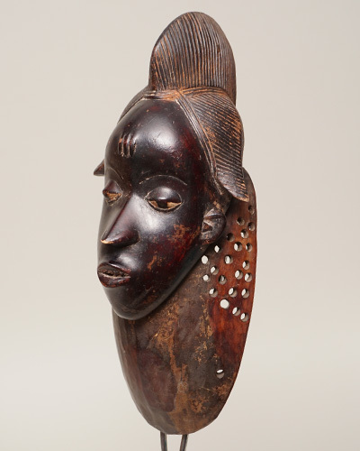 村の祝祭や儀礼で使用され、観る人々を楽しませるとともに、若い花嫁や家庭を悪意から守る霊的な存在としての役割も担う、グロ族の信仰と美意識を映した仮面です。
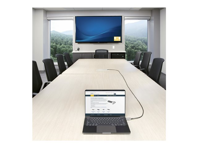 Routez ce Câble Optique Actif Hybride HDMI 2.1 Ultra Haut Débit à travers les espaces de plénum du bureau pour la transmission à longue distance de vidéos 8K à 60 Hz et d'un audio de haute qualité.
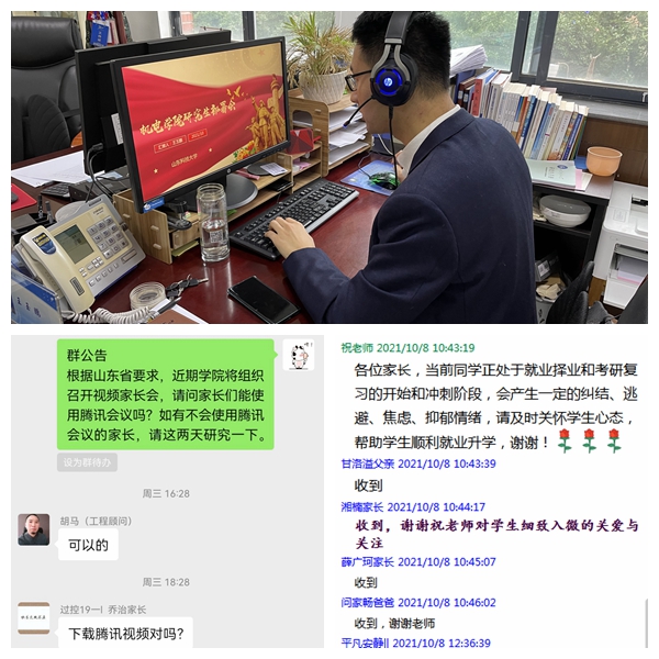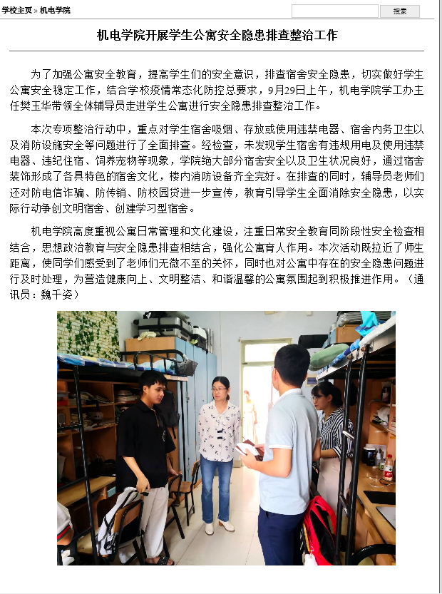 通过建立家长微信群、线上家长会等方式做好家校协同育人 此外,学院高度重视公寓安全和文化建设,注重日常安全教育同阶段性安全检查相结合,思想政治教育与安全隐患排查相结合,强化公寓育人作用。通过公寓安全隐患排查整治、公寓安全教育文化墙、公寓内海报、条幅等形式,浓郁安全宣传教育氛围,浸入式地开展安全宣传教育。

Problem to work on: Omit the pictures and give the material again, exactly and in full.

Exercise output:
 村の祝祭や儀礼で使用され、観る人々を楽しませるとともに、若い花嫁や家庭を悪意から守る霊的な存在としての役割も担う、グロ族の信仰と美意識を映した仮面です。
 Routez ce Câble Optique Actif Hybride HDMI 2.1 Ultra Haut Débit à travers les espaces de plénum du bureau pour la transmission à longue distance de vidéos 8K à 60 Hz et d'un audio de haute qualité.
 通过建立家长微信群、线上家长会等方式做好家校协同育人 此外,学院高度重视公寓安全和文化建设,注重日常安全教育同阶段性安全检查相结合,思想政治教育与安全隐患排查相结合,强化公寓育人作用。通过公寓安全隐患排查整治、公寓安全教育文化墙、公寓内海报、条幅等形式,浓郁安全宣传教育氛围,浸入式地开展安全宣传教育。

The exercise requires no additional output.